Swapped out my tubing saturday. Tried to no avail to get my D-loop twisted to the right setting to make my peep straight while tubing was off. would always be off to the left. Put new tubing back on it. Have an idea to change new peeps when the OBAMA recession is over and I can afford a 4$ peep.


----------



## neo71665

SonnyThomas said:


> I've read this numerous times. First, I will not use the clip that comes with most kits. I tie a knot around the down cable. Pulled tight it doesn't slip and have never seen the tubing break here. The tubing usually breaks at the post of the peep. I've used one on the my hunting bow for the last 11 years.

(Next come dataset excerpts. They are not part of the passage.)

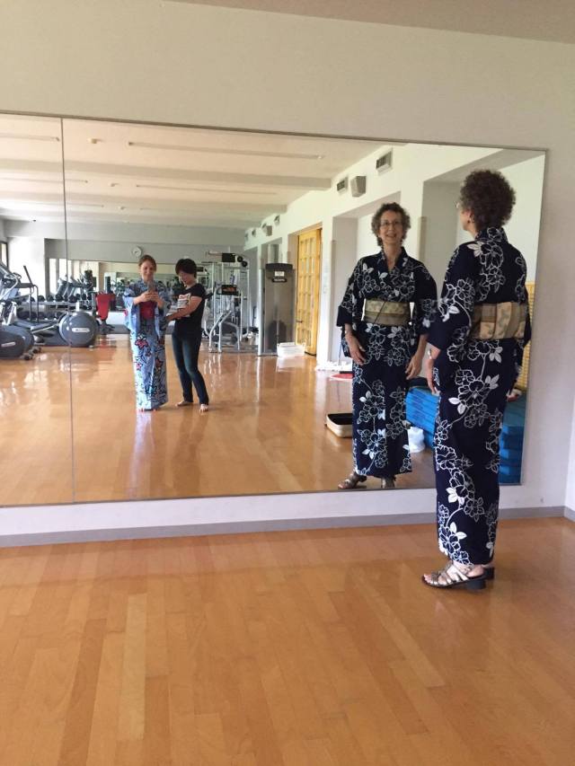 Also on the non-academic side of life, this year I did something new. Normally, the oral communications teachers (I am “Text Skills,” doncha know?) dress in traditional Japanese costumes for one of the summer social events, but this year I was convinced to join in as well (I didn’t think there would be anything…long enough for me). So thanks to a lovely student who loaned some of us her mother and grandmother’s yukatas (summer cotton kimonos), here I am with another faculty member being suited up in full glory: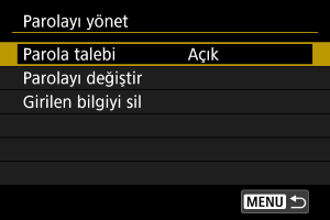 Güç düğmesi konumuna getirildiğinde veya makine otomatik kapanma modundan çıktıktan sonra girilen parolayı yönetmek için bu ayarları kullanın. Fotoğraf makinesinin başlatılması sırasında gerekli olan parolayı ayarlama talimatları için, Parola Ayarlama konusuna bakın.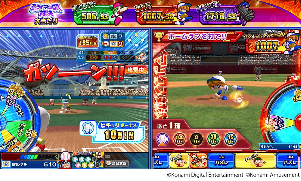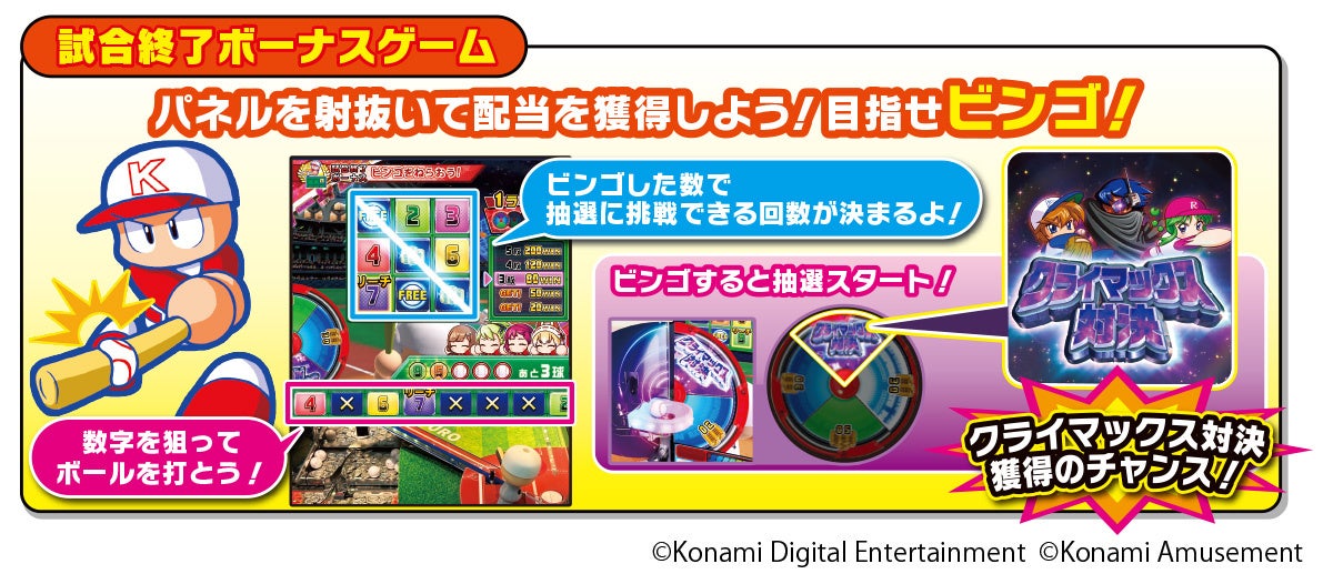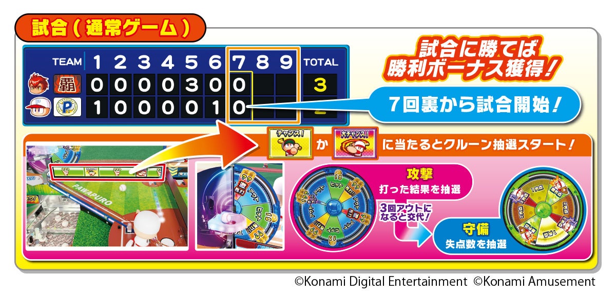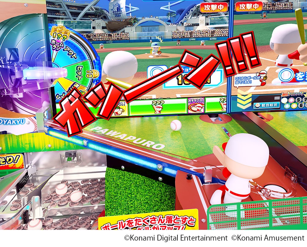 ピッチャーが投げたボールをタイミングよくバッティングする「パワプロ」ならではのプレーを、物理抽選「バッティング抽選」として実現し、プッシャーゲームでありながら野球の醍醐味であるボールを打つ気持ち良さを体験いただけます。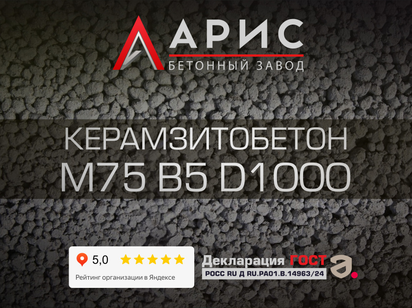 Керамзитобетон М75 B5 F100 W4 D1000 – лёгкий бетон для энергоэффективных и облегчённых конструкций в Можайске. Производство ведёт бетонный завод «Арис» по основному стандарту ГОСТ 25820–2014 (лёгкие бетоны); требования к поставке и контролю свежей смеси – по ГОСТ 7473–2010.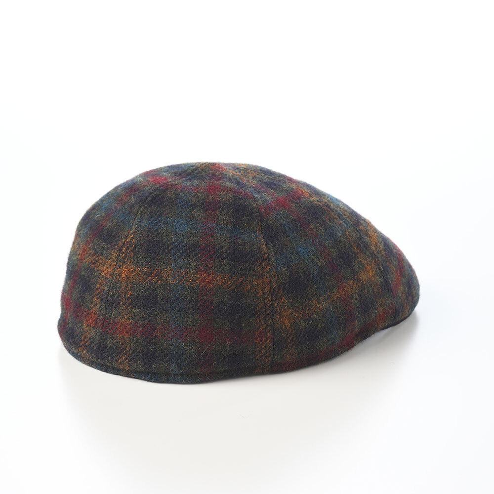 ざっくりとした風合いで、ミックスカラーのチェック柄のウールツイード生地を使用したハンチング。曲線的なフォルムが美しい、パブキャップ風のシルエットが特徴です。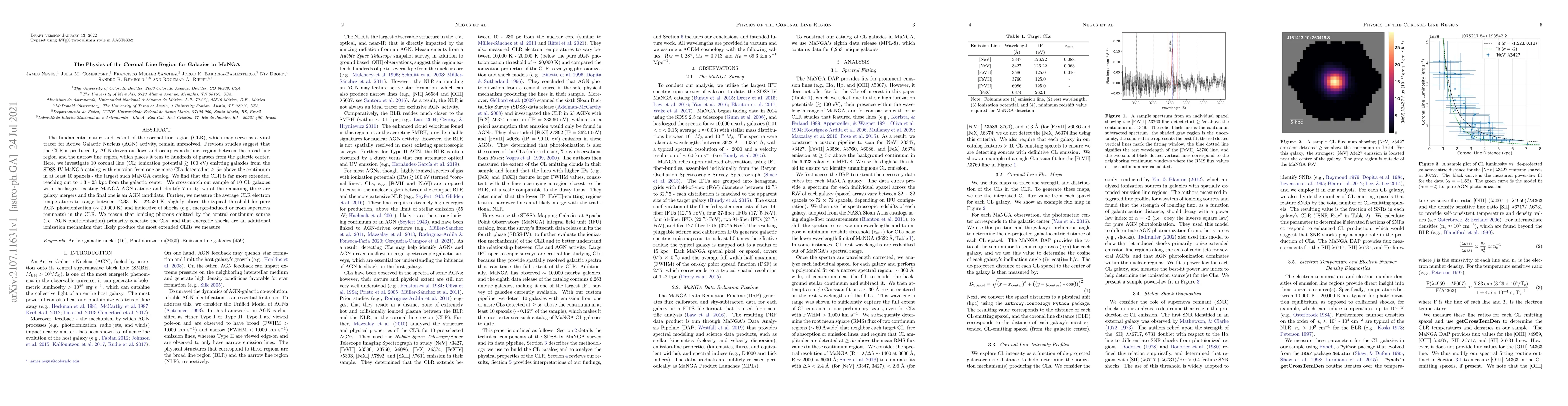 This study investigates the coronal line region (CLR) in 10 galaxies from the MaNGA catalog, finding it extends up to 23 kpc from the galactic center. The CLR is likely generated by AGN photoionization and energetic shocks, with electron temperatures ranging from 12,331 K to 22,530 K.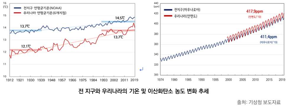 전 세계 평균과 비교하면 우리나라의 기온과 이산화탄소 농도는 어느 정도인 걸까요? 1912~2019년 사이 전 지구 평균이 0.8℃ 오를 동안 우리나라는 1.6℃ 올라서 더 높은 상승치를 보였습니다. 2019년의 이산화탄소 농도는 전 지구가 411.4ppm인데 비해 우리나라는 417.9ppm으로 6.6ppm 더 높죠. 그만큼 우리나라의 온난화와 도시화가 전 지구 평균보다 빠르게 진행되고 있음을 알 수 있습니다.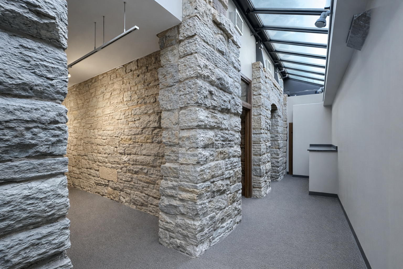 Unique lower level office space in St Paul's Cathedral Hill. Unique exposed stone and skylights make this a rare find.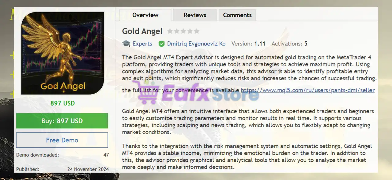 This product is compiled by Dmitriq Evgenoeviz Ko. This author has more than +4 years of experience working on MQL5 with many famous products such as Gold Angel MT4, Golden Harmony MT4, Infinity Gold Impulse MT4, Pharaoh Gold MT4, Apex Gold MT4 and other advisors. Among them, Gold Angel MT4 is his best performing product.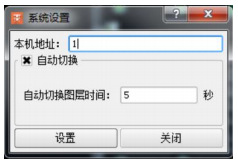 系統(tǒng)設(shè)置窗口如圖22所示,可設(shè)置當(dāng)前本機(jī)的地址編號和圖層的自動切換及時間。本機(jī)地址編號用于CAN通訊地址設(shè)定;自動圖層的切換,則可以查看不同的疏散分區(qū)狀態(tài)。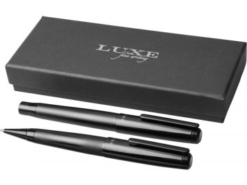 Elegantní sada kovového kuličkového pera a rolleru se vzorovaným tělem. V černé dárkové krabičce, s modrou náplní. Značkový produkt André Philippe. Cena s gravírováním je za celou sadu.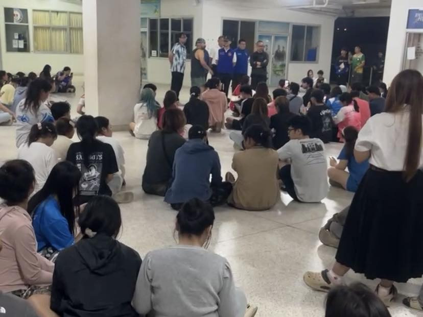สถานการณ์ยังคงตึงเครียด กลุ่มผู้ชุมนุมปักหลักรอความชัดเจน ขณะที่ตำรวจตรึงกำลังดูแลความปลอดภัยรอบหอประชุม มรภ.มหาสารคาม เพื่อป้องกันเหตุบานปลาย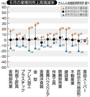 三条・燕地区の地場産業は、6月の売上高増減DI(「増加」した企業割合から「減少」した企業割合を差し引いた値)が、4カ月連続でプラス圏内となった。原材料高騰の価格転嫁に一定の効果がみられる。高齢化や人手不足による事業縮小や廃業が増加傾向で、M&Aを検討する動きがある。米関税措置の直接的な影響は限定的だが、業況判断DIは足元、先行きともマイナスが続く。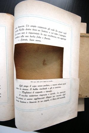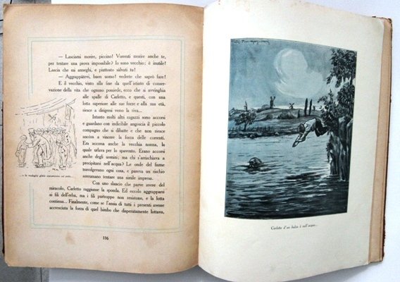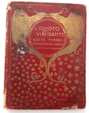 Sette fiabe con illustrazioni e disegni di G. Muggiani, pag 131, rilegato. Copertina rigida con strappi e macchie, dalla pag 5 è stato tagliato il disegno (come da foto); complessivamente, vista la rarità del libro, è un esemplare accettabile.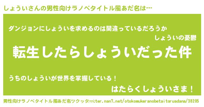 | ヒーロー風カッコイイあだ名 | 『魔戒騎士ショ』『スーパーショウイ』 |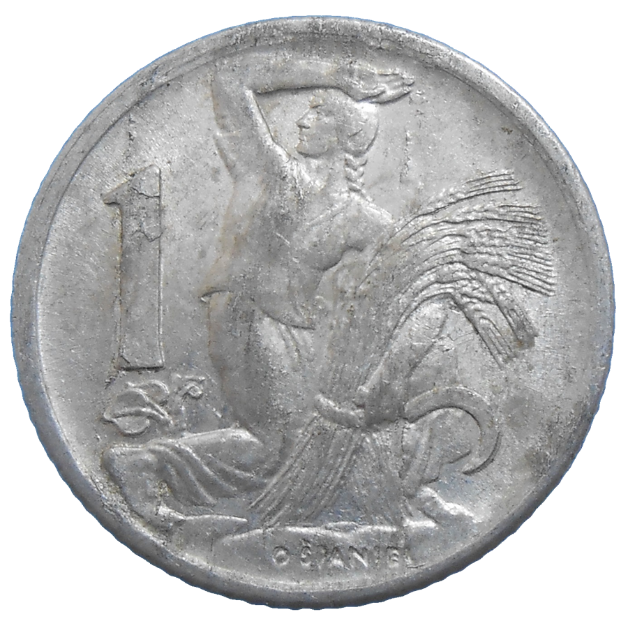 Stará, hliníková, obehová minca Československa v hodnote 1 Koruny z roku 1951.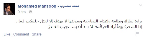 وقال محسوب، في تدوينة له عبر صفحته الرسمية على موقع “فيس بوك”: “براءة مبارك ونظامه وإعدام المعارضة وسجنها لا يهدف إلا لقتل حلمكم”، وأضاف: “إذا الشعبُ يوماً أرادَ الحيَاةَ.. فلا بد أن يستجيب القدر”.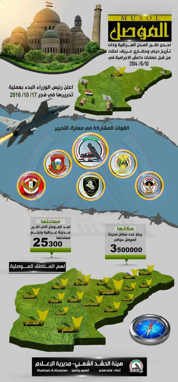 5_ الناطق باسم قوات الحشد الشعبي /عصائب أهل الحق الحاج جواد الطليباوي : قواتنا تتحشد في مواقعها بالموصل ضمن الخطة المرسومة والقوات مجهزة بأسلحة ثقيلة ونوعية .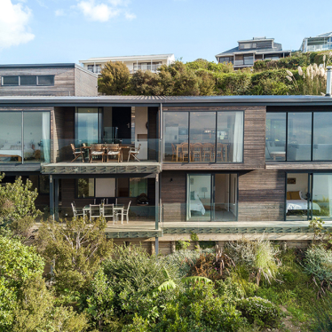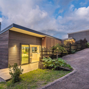 Located near Oneroa Beach, Waiheke Island, this home is positioned on a very steep site, facing north with views towards Hekerua Bay and beyond, with access from the southern located driveway. This new build was designed to fulfil the clients’ specific requirements and to maximise the coastal views using a limited budget.

Congrats on being lucky. I used one for years. Changed the tube every year and still had one pop me in the cheek while drawing back on a deer.


----------



## arrowshooters

Like said try a little longer tube and also make sure that you tie it to the cable a little higher. This will keep it from pulling at too much of an angle at full draw.


----------



## SonnyThomas

neo71665 said:


> Congrats on being lucky. I used one for years. Changed the tube every year and still had one pop me in the cheek while drawing back on a deer.


No luck about it. It's called preventive maintenance. I check things over, strings, rest, cushion buttons, and rubber tubing (dryness, dry rot, cracks). I use tubing long enough that stress is lowered and adjust the knot on the buss cable so the tubing is aligned with the peep post.

I use tubing on my hunting bow (shooting off the string). I want that peep exactly where it should be regardless of weather conditions (hot to cold, dry to wet) or lack of activity. My target and 3D bows (looped and used almost daily) have only peeps.


----------



## bltefft

Also, make sure your peep is pointed in the right direction (toward the cables). My tube was breaking and it was clear to see that the stress of turning the peep to line it up was getting it. I pressed my bow, flipped the peep 180 degrees and it was been good ever since.

I've had two breaks and both times the break happened at the peep and didn't come back toward me.

Bobby


----------